Gala manggut-manggut menyimak penjelasan. Ia mulai bisa memunculkan semangat berorganisasi dalam dirinya.
Sesi sharing alumni pun ditutup. Peserta mulai kembali ke tenda karena waktu sudah mendekati tengah malam. Namun, bukannya segera istirahat, Gala malah menuju ke tempat Tita yang sedang duduk di papan kayu. Wanita dengan jaket berwarna coklat muda tersebut sedang menatap langit malam yang cerah.
“Hai,” sapa Gala.
Tita sedikit terkejut, kemudian menggeser posisinya untuk memberi tempat duduk pada laki-laki yang berdiri di hadapannya itu.

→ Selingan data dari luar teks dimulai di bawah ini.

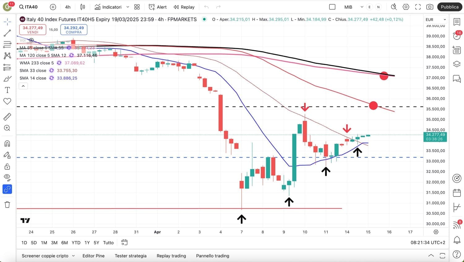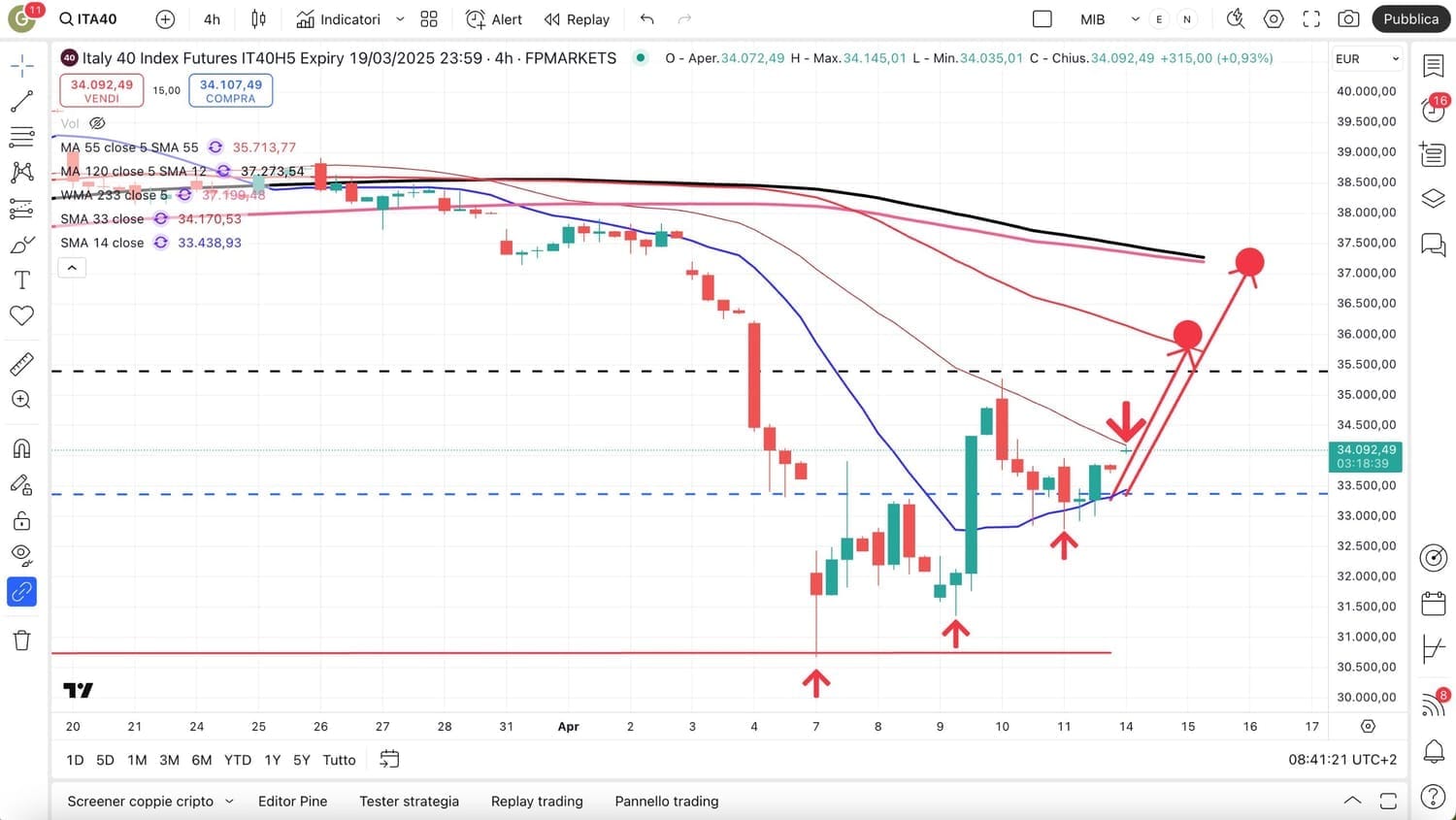 Se viene confermata la struttura a MININI crescenti a partire dal MINIMO profondo del 7 Aprile, il MIB future avrebbe un primo importante obiettivo rialzista verso i 35000-35500 punti, laddove è già stato fatto un MASSIMO veloce intraday il giorno 10 Aprile.
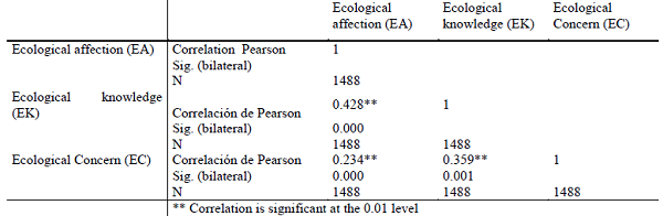 Likewise, the existence of a weak but statistically significant positive correlation 5 is detected between factor 3 (concern for environmental contamination) and the level of ecological knowledge of the individual (r = 0.12, p = 0.026).
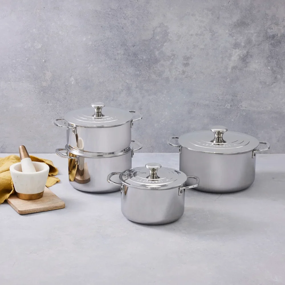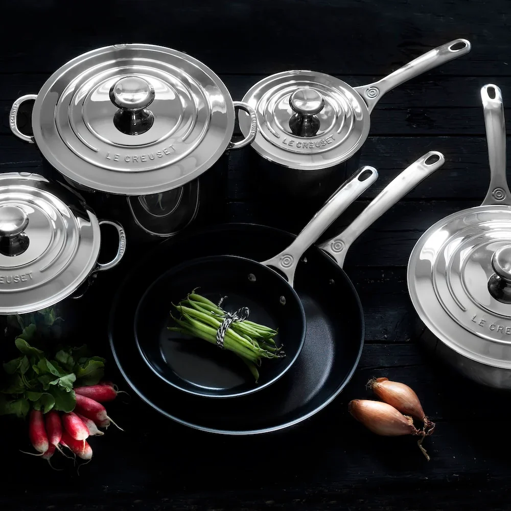 Met zijn elegante vormgeving past de Le Creuset Signature RVS Pannenset in elke keukenstijl, van modern tot klassiek. Deze set combineert functionaliteit met esthetiek, waardoor koken een plezier wordt. Of je nu een eenvoudige maaltijd bereidt of een uitgebreid diner kookt, deze pannenset biedt de kwaliteit en stijl die je verwacht van Le Creuset.
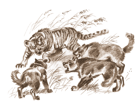 Наконец охотники настигли хищника. Опершись задом о поросшую мохом кучу бурелома, тигр острыми клыками или лапой то и дело пытался достать одного из наседавших псов. Собаки выглядели столь же дико, как и загнанный зверь. Они нападали на него то с боков, то спереди. Их темная, как у волков, шерсть взъерошилась и взлохматилась. Ослепленные охотничьей страстью, псы не обращали внимания на полученные раны. Глаза собак горели кровавым огнем. Отскакивая от внезапного удара лап тигра, они поджимали длинные пушистые хвосты, но тут же, напрягаясь всем телом, готовились к новому прыжку, обнажая острые клыки в широко раскрытых пастях.

“Kenapa nggak ngabari kalau jadi pemateri juga?”
“Nggak ada yang nanya,” jawab Tita sambil tersenyum simpul.
“Iya juga. Bagus ... bagus, aku berasa dapat surprise,” ujar Gala dengan mengacungkan kedua ibu jari.
Tita mengernyitkan keningnya sambil menatap laki-laki yang beberapa minggu ini tidak pernah absen membangunkannya salat Subuh lewat Whatsapp itu.
“Ish, pede. Siapa yang ngasih kejutan juga?”
“Panitia kayaknya.”
Mereka pun tergelak. Dua manusia berbeda status akademis itu kembali menatap langit dan bulan yang malam ini berbentuk bulat sempurna.
“Bu Tita.”
Tita terperanjat saat ada yang menyentuh pundaknya.
“Eh, ada Resta,” ucap Tita sambil tersenyum manis.
Gala mendengkus kesal. Acara kencan berdua terpaksa gagal dengan kedatangan sahabatnya tersebut.
“Gala habis melakukan penipuan, Bu.”
Tita tercengang mendengar pengakuan tiba-tiba Resta. Terlebih laki-laki di sebelah Tita. Gala membuka mulutnya lebar dengan tatapan penuh tanya.
“Penipuan apa?!” tanya Tita dengan kedua alis saling bertaut. Pikirannya sudah membayangkan jika laki-laki di sampingnya melakukan tindakan kriminal.